We could spend our whole lives reflecting on the meaning of God’s love for us and God’s presence with us. And I hope you will! But where that reflection begins, it seems to me, is out of the sense that as a beloved creature of God our solitude (which is in some sense inescapable) is a solitude before God. It’s a “being alone before God” that we all have to experience at some point or other. And on that journey of solitude we learn to discover the joy of being in God’s love and of knowing, at a fundamental level, that we are loved and that we give joy to God. That is the insight of the contemplative self, that the journey that baptism sends each one of us on.
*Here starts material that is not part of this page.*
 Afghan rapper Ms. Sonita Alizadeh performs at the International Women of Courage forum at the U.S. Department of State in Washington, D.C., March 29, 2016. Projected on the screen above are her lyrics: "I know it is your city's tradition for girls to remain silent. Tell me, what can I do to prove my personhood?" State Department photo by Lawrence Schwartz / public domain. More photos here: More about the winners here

Whether or not he embraced it immediately, it was the message of Jesus baptism too: “You are my son, the beloved; with you I am well pleased.” This is what Jesus needed to know at the beginning of his ministry.
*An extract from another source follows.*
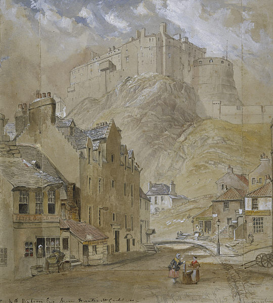 "Edinburgh Castle from the Foot of the Vennel, 1845" Watercolour & pencil on paper, 41.00 x 36.80 cm.

But second, of course, we remember that baptism is entry into the Church and a calling to live as a community – indeed, as a family. In this passage from Isaiah God is not addressing an individual but a nation, a nation who have passed through the waters of the Red Sea because God was with them. Being a member of a church cannot immediately take away deep-seated feelings of loneliness. But what I am convinced that it ought to do is challenge a lot about the atomised lifestyle of Western contemporary culture. Ours is a society where people frequently feel that their sense of connection to others and responsibility for others stops at their front door. Most people feel no sense of connection with or responsibility for those who find themselves in circumstances of isolation. But baptism tells us that we do have just that connection and responsibility.
As a child I remember more than once my parents inviting almost total strangers to come and have Christmas lunch with my family because they had come church on Christmas morning and my parents discovered that they were going to spend the day alone. I am so grateful that as a child this seemed perfectly normal to me. But now I realise how counter-cultural it was and I’m in deep admiration of their commitment to the meaning of baptism.
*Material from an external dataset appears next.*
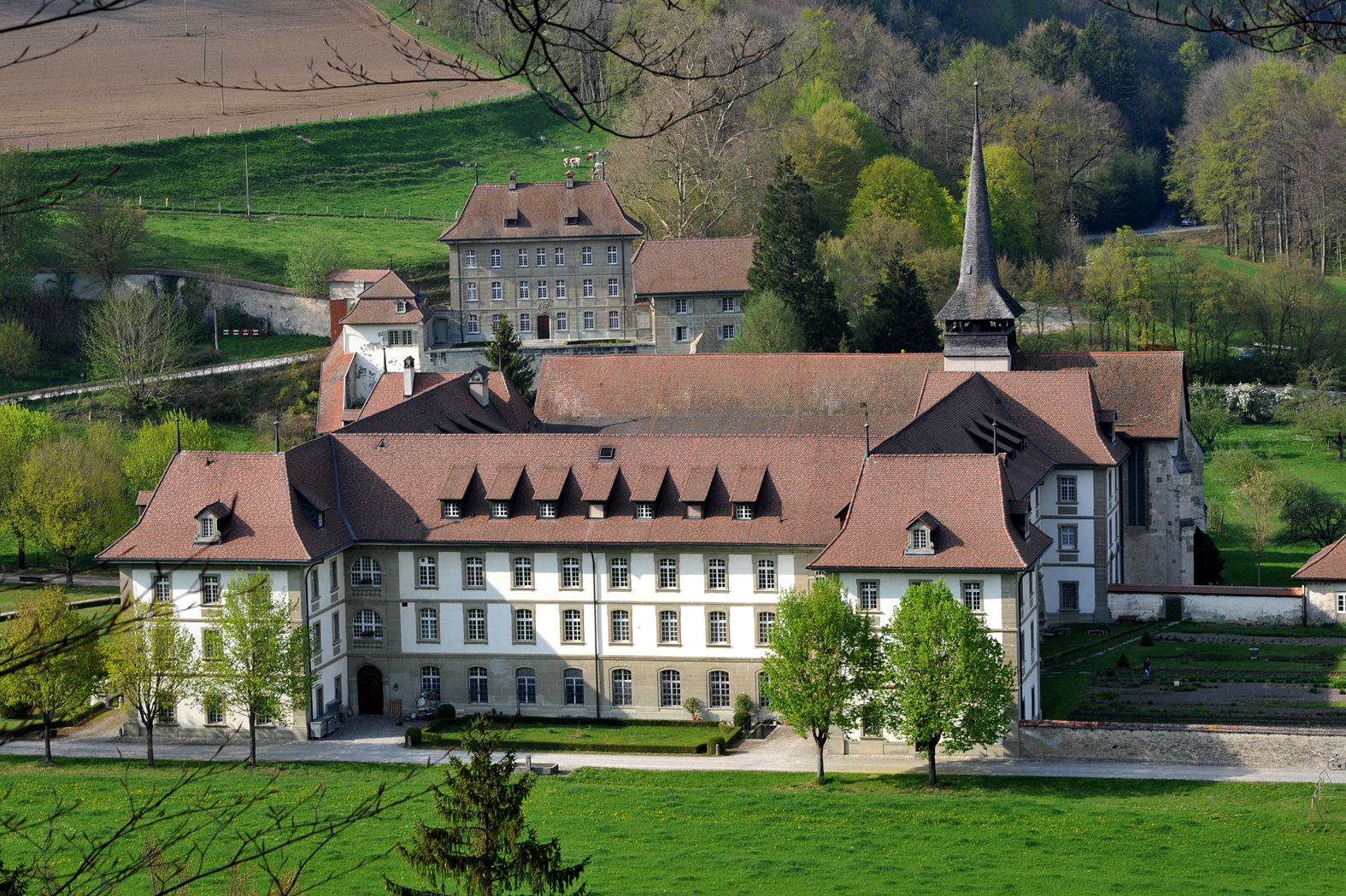 Abbey Altenryf in Hauterive; Fribourg, Switzerland.

But as baptised people we are also presented with the challenge when we feel lonely and isolated to reach out to others and ask how we can help ourselves by helping them. The author of the book I mentioned earlier has one overriding piece of advice for the seriously lonely and that is to help others through voluntary work or cook for acquaintances: “When you’re lonely you feel you could just eat other people,” he writes, “But the trick is to feed them.” Baptism calls us to be a social self.
So, as I mentioned earlier, there is a certain inescapable solitude in the Christian life. But it should be a solitude of the individual creature before his or her loving Creator. And as we contemplate in and out of that solitude we will find a certain joy and healing in our knowledge of God’s love and purposes for us. But that more destructive loneliness which we can all experience is one that baptism calls us to challenge in community because we are one in Christ Jesus. We have the responsibility of compassion toward those around us who are in some way excluded and that is the case whether it is they who are suffering from loneliness or whether it is us.
Baptism is a sign of God’s love: a love out of which we were created, the love which God showed in Jesus who went through the loneliness of rejection and death for our sakes, and the love we are all called to share as we are caught up in the hospitable life of the Holy Spirit.